Dansons la capucine...
Assurée, je saute du camion. Bingo, je retombe sur mes pieds. Ouvrant la porte arrière du fourgon et descendant quelques colis, j'allume le vieil MP3 qui trône au fin fond de mes poches. Jetant les cartons sur un chariot je m'assure que l'ensemble soit bien stable avant de me mettre en marche. De mes pas assurés, je pourfends le sol. Je progresse, le menton haut, fier, regardant droit dans les yeux les personnes que je croise. Je mémorise ces visages, ces expressions, ces bonjours soufflés du bout des lèvres et j'esquisse ici et là quelques sourires polis sans jamais m'attarder.Je bosse. Je n'ai pas le temps de m’appesantir dans de lourds discours. Et puis il faut dire que ses deux écouteurs portés au fin fond de mes oreilles ne m'aident pas véritablement à faire la conversation.

Je continue ma progression, sifflotant l'air qui résonne dans ma caboche. Je continue de paraître, de sourire, de m'amuser. Que suis-je bien, ici, chez moi bon sang. Bon, voilà que malheur s'abat ! L'un des colis décide de se faire la malle, stoppant ma progression sur le champ. Levant haut mes yeux au ciel et laissant échapper un soupir insolent, agacée envers moi-même, je m'empresse de m'abaisser non sans jeter au préalable un regard par dessus mon épaule.

Simple habitude.

Rejetant le colis par dessus bord et donc au sein du chariot, je gagne enfin le purgatory. Je badge et machinalement, j'augmente le son de ma musique. La chanteuse fanfaronne quelques paroles en contraste parfait avec l'ambiance aux alentours. Là où avant je me pavanais, j'en viens ici à presque raser les murs. Je prends soin de croiser aucun regard car certains me foutent la trouille. Je sais qu'ils sont là pour laisser échapper leurs instincts les plus fous, les plus primitifs au nom d'une présumée justice. Je sais que certains sont capables du meilleur mais surtout du pire. Je n'ai pas envie de m'attacher à une lueur d'espoir dans le regard de l'une de leur victime. Badgeant encore, me faufilant jusque à la réserve, je cale la porte avec soin délaissant tout mon matos sur le chariot. Badges, écouteurs, clefs du véhicule et je laisse le chariot à l'extérieur pour faire glisser les colis à l'intérieur. Je prends rapidement le rythme: il faut dire que j'ai fais ça presque toute ma fichue vie. Mais manque de chance, colis en mains, résonne un énorme : PAF.
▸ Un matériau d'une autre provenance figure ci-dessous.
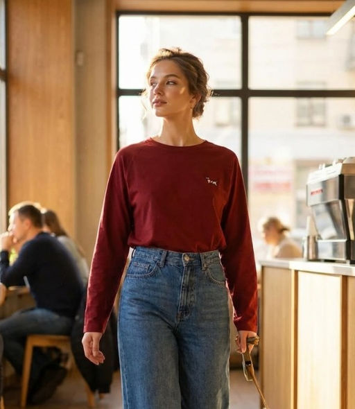 K13370 Лонгслив OVER SIZE с вышивкой БУРГУНДИ

Je sursaute, sur le qui-vive et laisse échapper ce que je tenais jusque alors. Un fracas, monstrueux, se fait entendre. L'intérieur du carton se répand au sol. Le bruit de la porte qui se claque résonne encore à mes oreilles. Mon cœur commence à s'agiter lourdement au sein de ma poitrine. Le moindre de ses battements me rappelle ma peur soudaine et nouvelle : qui a pu fermer cette putain de porte ?! Un guardian ?! Je reviens sur mes pas et tente vainement de me persuader qu'un accès à l'extérieur peut encore se faire. Geste désespéré, désemparé, j'agrippe de mes dix doigts la poignée. Je tire, je secoue, je me fais violence et tente de violenter cette maudite porte ! Mais la chose est vaine et la constatation se fait peu à peu. Je suis coincée entre ces quatre murs. Je touche mon cou, je fouille mes poches.

Frénétiquement, je tente de trouver une issue.
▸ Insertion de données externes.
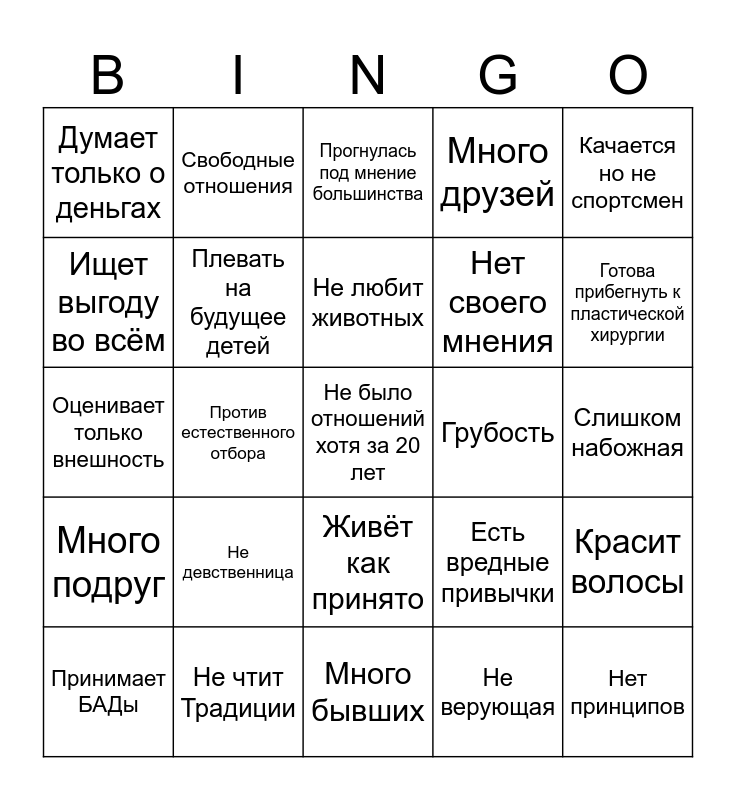 This bingo card has a free space and 24 words: Не девственница, Не чтит Традиции, Не любит животных, Принимает БАДы, Качается но не спортсмен, Думает только о деньгах, Ищет выгоду во всём, Свободные отношения, Грубость, Живёт как принято, Нет своего мнения, Оценивает только внешность, Есть вредные привычки, Красит волосы, Плевать на будущее детей, Не верующая, Слишком набожная, Прогнулась под мнение большинства, Готова прибегнуть к пластической хирургии, Против естественного отбора, Нет принципов, Много подруг, Много друзей and Много бывших.

Je passe mes mains dans ma chevelure, je cherche mon badge et les larmes me montent aux yeux, prise de panique j'en viens à me maudire: comment ai-je pu oublier mon badge à l'extérieur, sur le chariot ?! L'air me manque et j'en viens à trembloter légèrement. J'ai peur, oui. J'ai atrocement peur.Je me refuse à me laisser aller dans une paranoïa quelconque. Si je suis enfermée ici c'est uniquement le fruit du hasard, n'est-ce pas ? Personne peut m'en vouloir. Personne peut en vouloir à mon statut. J'ai toujours été la bonté même, n'est-ce pas ? Et puis, ici, je suis chez moi. Bordel. Que je suis conne. Je palpe mes poches mais toujours rien. Je n'ai aucune issue de secours. J'ai pour seul recours ces nombreux cartons, blindés de marchandises que je poussais l'esprit léger jusque aux étagères qui me font face. Un soupir d'agacement franchit le seuil de mes lèvres alors que le froid vient mordre mes mains et la surface nue de ma peau. Quelle foutue idée ai-je eu que de me vêtir d'un t-shirt aujourd'hui. Putain ! Pour couronner le tout, l'un des vieux néon clignote gaiement.

Vais-je devoir passer un pacte avec le diable ce soir ?!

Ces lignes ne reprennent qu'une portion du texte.